“Very well. We received intelligence that Madoc intends to attack at dawn the day after next. He hopes to catch us unprepared, especially since a few more Courts have flown to his banner. But our real problem is how many Folk plan to sit out the battle and see which way the wind blows.”
“Are you sure this information is accurate?” Randalin asks suspiciously. “How did you obtain it?”
Grima Mog nods toward me. “With the help of her spies.”
“Her spies?” Baphen repeats. I can see his putting together some of the information I had in the past and coming to new conclusions about how I got it. I feel a jolt of satisfaction at the thought that I no longer have to pretend to be entirely without my own resources.
“Do we have enough of our own army to push him back?” I ask Grima Mog.
“We are in no way assured of victory,” she says diplomatically. “But he cannot yet overwhelm us.”
That’s a long way from where we were a day ago. But it’s better than nothing.
“And there is a belief,” Grima Mog says. “A belief that has grown swiftly—that the person to rule Elfhame is the one who will slay the serpent. That spilling Greenbriar blood is as good as having it in your veins.”
“A very Unseelie belief,” Mikkel says. I wonder if he agrees with it. I wonder if that’s what he expects from me.
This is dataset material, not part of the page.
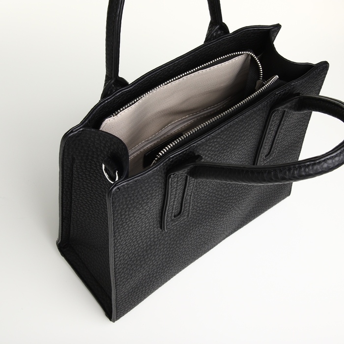 Сумка женская на молнии, TEXTURA, средний размер, цвет чёрный

“The king had a pretty head,” says Fala. “But can he do without it?”
“Where is he?” I ask. “Where is the High King?”
“The serpent was spotted on the shores of Insear. A knight from the Court of Needles tried his luck against the creature. We found what was left of the knight’s body an hour ago and tracked the creature’s movements from there. It leaves marks where it goes, black lines scorching the earth. The difficulty is that those lines spread, blurring the trail and poisoning the land. Still, we followed the serpent back to the palace. It seems to have taken the brugh for its den.”
“The king is tied to the land,” says Baphen. “Cursing the king means cursing the land itself. My queen, there may be only one way to heal—”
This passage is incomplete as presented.